# Time for a new van



## eric080 (Apr 17, 2007)

Hello everyone; hate to mention this when I read that others are experiencing slow times but....

I am in need of a van or trailer for the business. I am leaning for a van but need some pros and cons for both. I have talked with the locals in the northeast and it seems weather will play a major factor in my decision. If its the van; which brand (GMC/Ford/Chev) would you all recommend? 
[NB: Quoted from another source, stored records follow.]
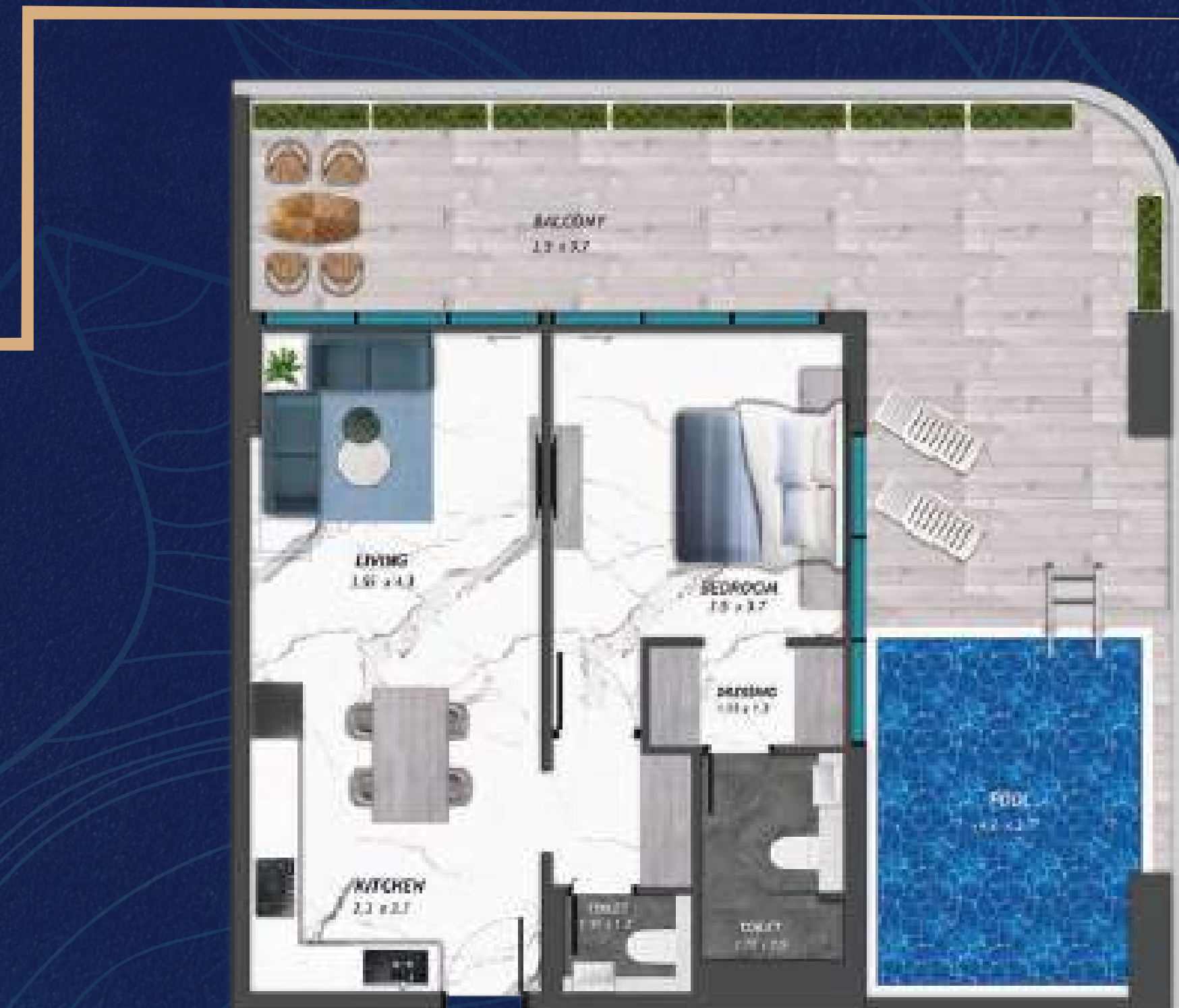
1 BEDROOM WITH POOL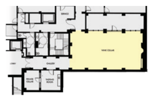
RIVER HOUSE — WINE CELLAR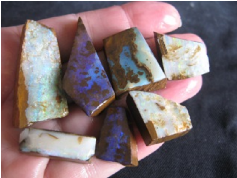
17. $200 the lot IMG_2038 Boulders (7)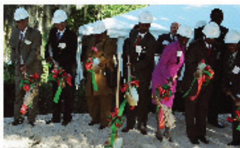
Groundbreaking for Permanent Campus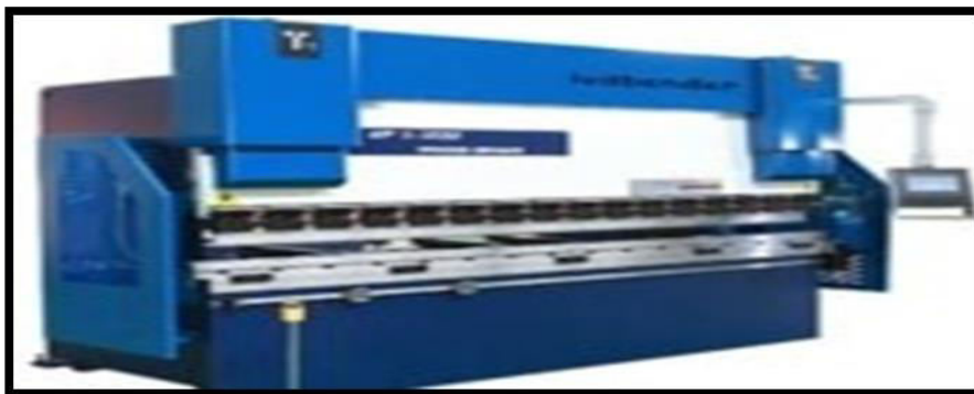
Fig. 3 CNC Press break machine

A CNC press brake is referred to as a 3-axis machine which is found to be accurate, automatic & has fast back gauge. This is known to be one of the perfect tool which is used for fulfilling the precise bending requirement. These are the ones which are known to be highly user-friendly and are found offering cost-effective solutions as per the requirement of the various industries. Each section of the machine is found to be ready in order to provide the best support while operating. These machineries are specially designed in order to fit all the precise bending requirement at a very low investment comparatively.

After readings some posts on the ladder racks that swing down, I definitely want to go that way too! Thanks for input.


----------



## Brushslingers (Apr 11, 2007)

I've had both... hard to say... love my trucks for the simple-ness, loved my vans for the rain-proof...-ness. I suppose it depends on if your in an area that has alot of snow. I can remember doing some work in Delmarva area when it snowed, took more time to clean out my stupid truck than it took to shovel it out, and of course everything was f'ed up. Here, rain hurts nothing really. Brand? I've always said DODGE vans, FORD trucks, CHEVY throwaway vechicles that cost alot to repair... but thats me.


----------



## Wolverine (Apr 17, 2007)

You'll never beat this deal on ebay:

http://cgi.ebay.com/ebaymotors/Camp...10884QQrdZ1QQsspagenameZWDVW#ebayphotohosting


----------



## Workaholic (Apr 17, 2007)

It depends on if you are the boss, or if you are a working man. If you are running crews and lining up jobs, and picking up paint, then a truck is for you. If you are working the jobs everyday then imo you need a van. Painters require a lot of stuff, i drive a bright yellow gmc van.
Working out of a truck is a drag, tool boxes are not all that great campershells work good when they are clean, but after a few days on the job you will have a hard time getting to your stuff. 
I often keep at least one sprayer in my van a couple of fans, stack of drops, ect..ect. When winter hits i swap the fans for heaters.
A van with good ladder racks and good shelves in the back is great, keep your brushes hanging on peg hooks.


----------



## Workaholic (Apr 17, 2007)

Wolverine said:


> You'll never beat this deal on ebay:
> 
> http://cgi.ebay.com/ebaymotors/Camp...10884QQrdZ1QQsspagenameZWDVW#ebayphotohosting


Growing up in Oregon i have been in many busses like that, but they always smell of petulia oil and sage.


----------



## Wolverine (Apr 17, 2007)

> they always smell of petulia oil and sage.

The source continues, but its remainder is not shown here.